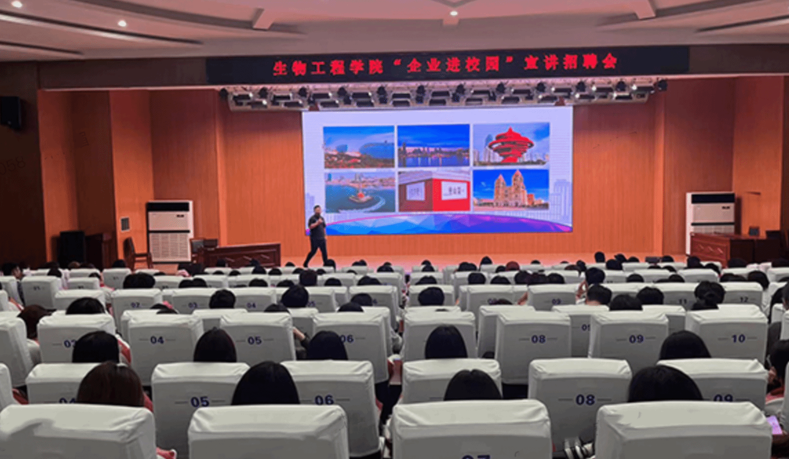为进一步贯彻教育部就业工作会议,拓宽员工实习就业渠道,提高就业质量,深化校企合作,强化协同育人机制,4月22日,公司在图书楼教师发展中心报告厅举办企业招聘宣讲会。活动邀请到鲁南制药、山东万得福生物科技有限公司、山东健源食品有限公司、青岛康普特生物科技有限公司四家企业到校参加活动。公司经理李明、全体员工管理人员以及2022级全体员工参加了此次活动。
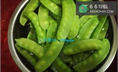 2将去豆脊的荷兰豆放入水中清洗干净。
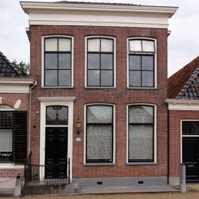 Deftig XIXe eeuws woonhuis met verdieping; de gevel afgesloten door forse kroonlijst; op de verdieping zesruitsvensters, omlijste ingang waarvoor stoep met stoephekje.
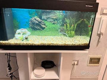 Vendo acquario di circa 90 litri gia avviato da qualche giorno, compreso di tutto ciò che si vede in foto. Filtro compreso
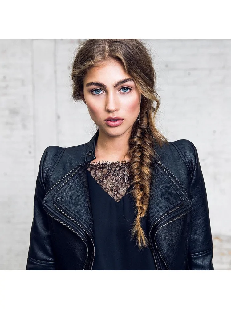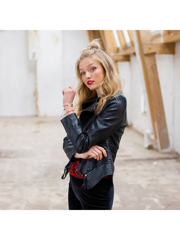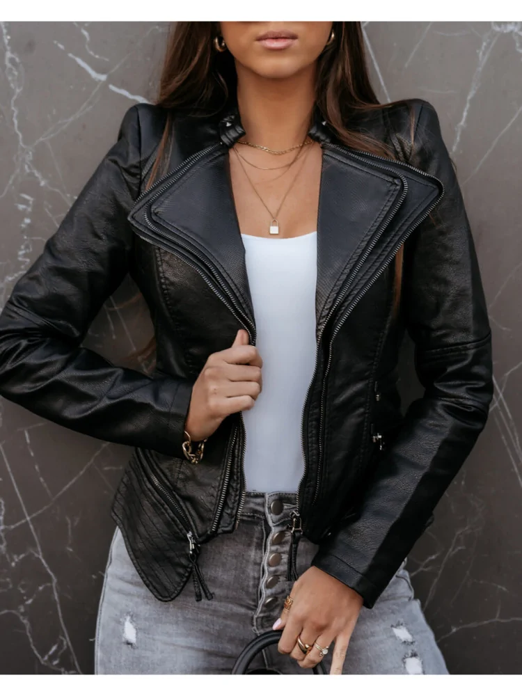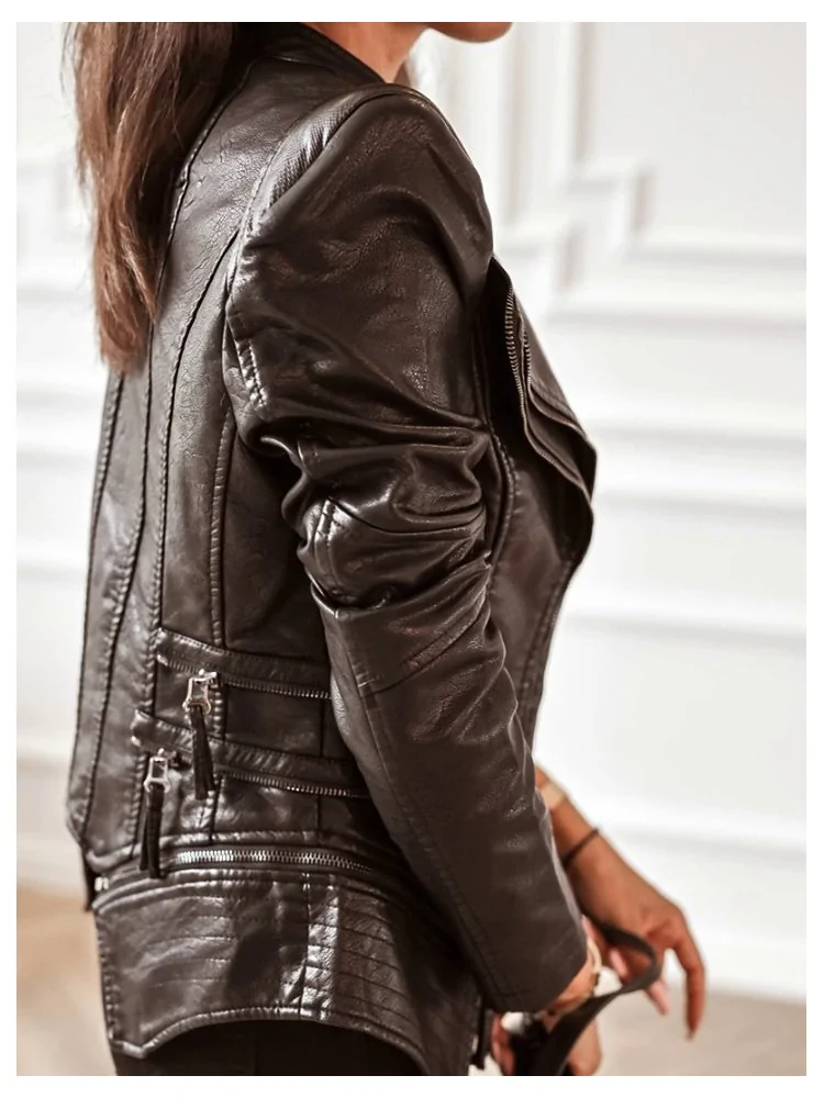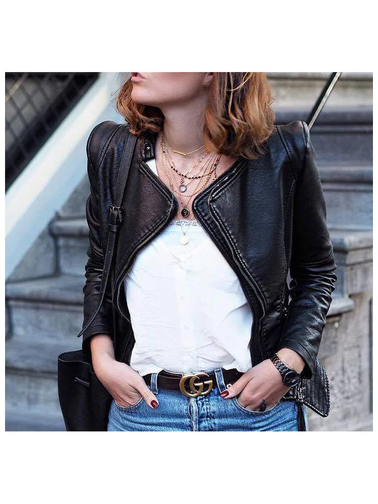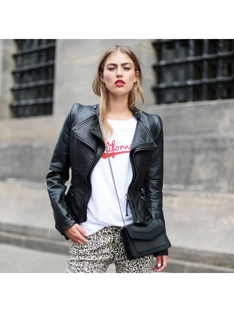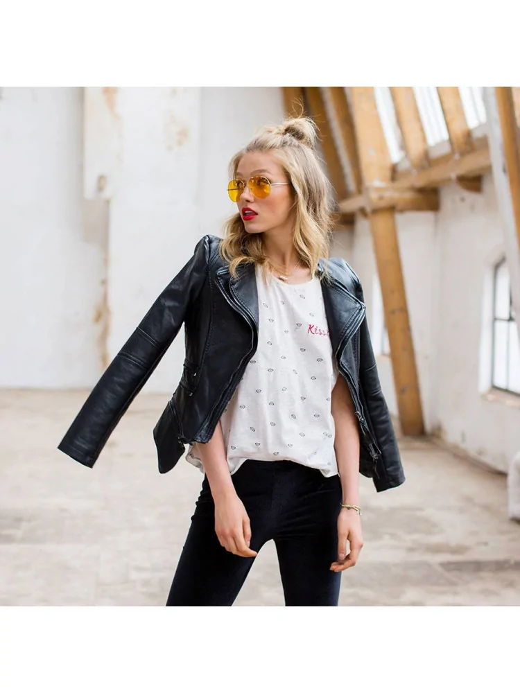 Μαύρο jacket από οικολογικό δέρμα Στενή γραμμή
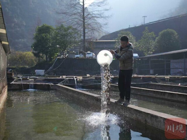 “开饭咯!”1月9日下午,杨焕超从基地内的饵料鱼池内舀起小半桶鱼苗,用食盐浸泡消毒5分钟后,提着桶向川陕哲罗鲑的培育池走去。
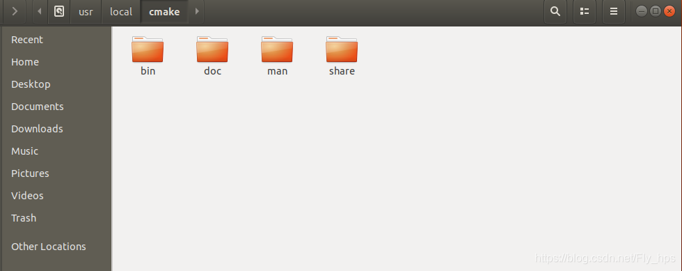 进入目录后会看到只有 bin doc man share三个文件夹,没有 bootstrap文件,因为新版本的好像是已经编译好的,所以只要加入path里面就可以在命令行直接使用命令了,在这里笔者将上述cmake安装包文件移动到了/usr/local/cmake位置:
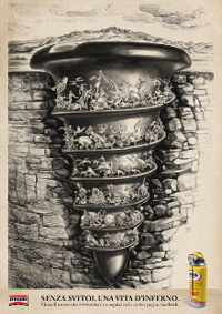 Non solo lubrificante, Svitol con questa campagna amplia il suo posizionamento e si rivolge sia agli amatori che ai professionisti del lavoro manuale, invitandoli a combattere ben più dei classici attriti o cigolii. I vari gironi infernali presentati nell'illustrazione in stile Doré eseguita da Manlio Truscia, comunicano l'ampliamento degli utilizzi di Svitol.Alla campagna hanno lavorato il copy Martino Lapini, l'art Domenico Montemurro sotto la direzione creativa di Sergio Spaccavento e Francesco Bozza.
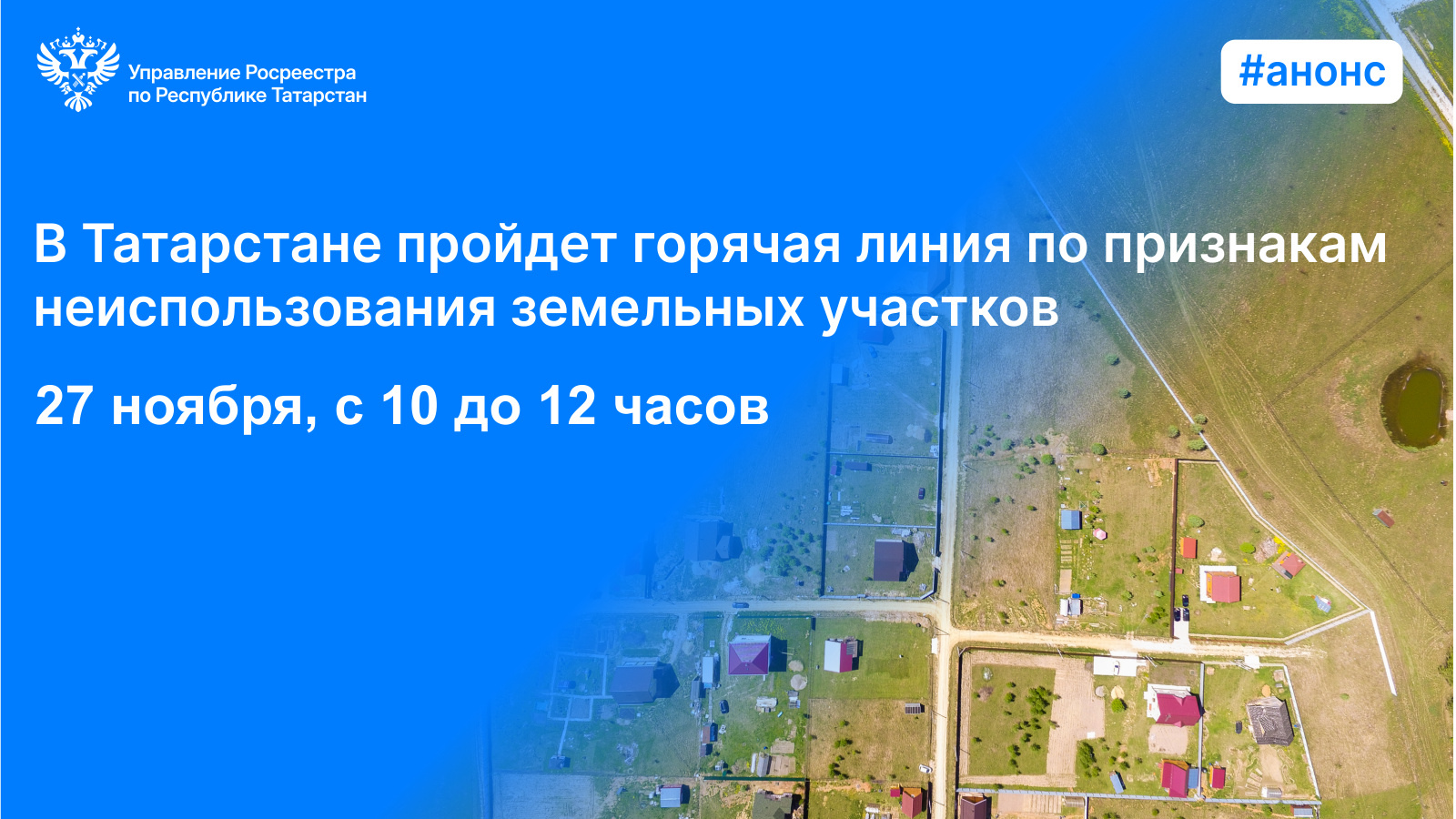 Завтра, 27 ноября, Управление Росреестра по Республике Татарстан организует телефонную горячую линию для владельцев земельных участков. Это связано с действием с 1 сентября этого года Постановления Правительства РФ, которое устанавливает признаки неиспользования земель, относящихся к землям населенных пунктов, садовых и огородных участков.
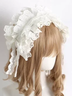 Sweet Lolita Accessories Ecru White Ruffles Bows Lace Polyester Headwear Miscellaneous
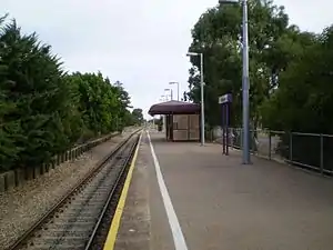 Just south of the station, the line from Adelaide becomes single track for the remainder of the journey to Outer Harbor. It once had two platforms but one closed in the 1980s when the balloon loop north was removed. The unused track was gradually removed, with the last remnants at the level crossing next to the station pulled up in July 2019. Just south of the station, the ICI Osborne railway line branched off to the ICI Osborne works (later owned by Penrice Soda Products). This had industrial passenger service until 1980 and has since been dismantled. Some peak hour services from Adelaide terminate at Osborne.[1]

□ □ □ □ □

# [Exercise brief]
Only the lines from the start of the records to the one containing "Non solo lubrificante, Svitol" should be repeated, exactly and with both ends kept; drop any pictures.

# [Task response]
为进一步贯彻教育部就业工作会议,拓宽员工实习就业渠道,提高就业质量,深化校企合作,强化协同育人机制,4月22日,公司在图书楼教师发展中心报告厅举办企业招聘宣讲会。活动邀请到鲁南制药、山东万得福生物科技有限公司、山东健源食品有限公司、青岛康普特生物科技有限公司四家企业到校参加活动。公司经理李明、全体员工管理人员以及2022级全体员工参加了此次活动。
 2将去豆脊的荷兰豆放入水中清洗干净。
 Deftig XIXe eeuws woonhuis met verdieping; de gevel afgesloten door forse kroonlijst; op de verdieping zesruitsvensters, omlijste ingang waarvoor stoep met stoephekje.
 Vendo acquario di circa 90 litri gia avviato da qualche giorno, compreso di tutto ciò che si vede in foto. Filtro compreso
 Μαύρο jacket από οικολογικό δέρμα Στενή γραμμή
 “开饭咯!”1月9日下午,杨焕超从基地内的饵料鱼池内舀起小半桶鱼苗,用食盐浸泡消毒5分钟后,提着桶向川陕哲罗鲑的培育池走去。
 进入目录后会看到只有 bin doc man share三个文件夹,没有 bootstrap文件,因为新版本的好像是已经编译好的,所以只要加入path里面就可以在命令行直接使用命令了,在这里笔者将上述cmake安装包文件移动到了/usr/local/cmake位置:
 Non solo lubrificante, Svitol con questa campagna amplia il suo posizionamento e si rivolge sia agli amatori che ai professionisti del lavoro manuale, invitandoli a combattere ben più dei classici attriti o cigolii. I vari gironi infernali presentati nell'illustrazione in stile Doré eseguita da Manlio Truscia, comunicano l'ampliamento degli utilizzi di Svitol.Alla campagna hanno lavorato il copy Martino Lapini, l'art Domenico Montemurro sotto la direzione creativa di Sergio Spaccavento e Francesco Bozza.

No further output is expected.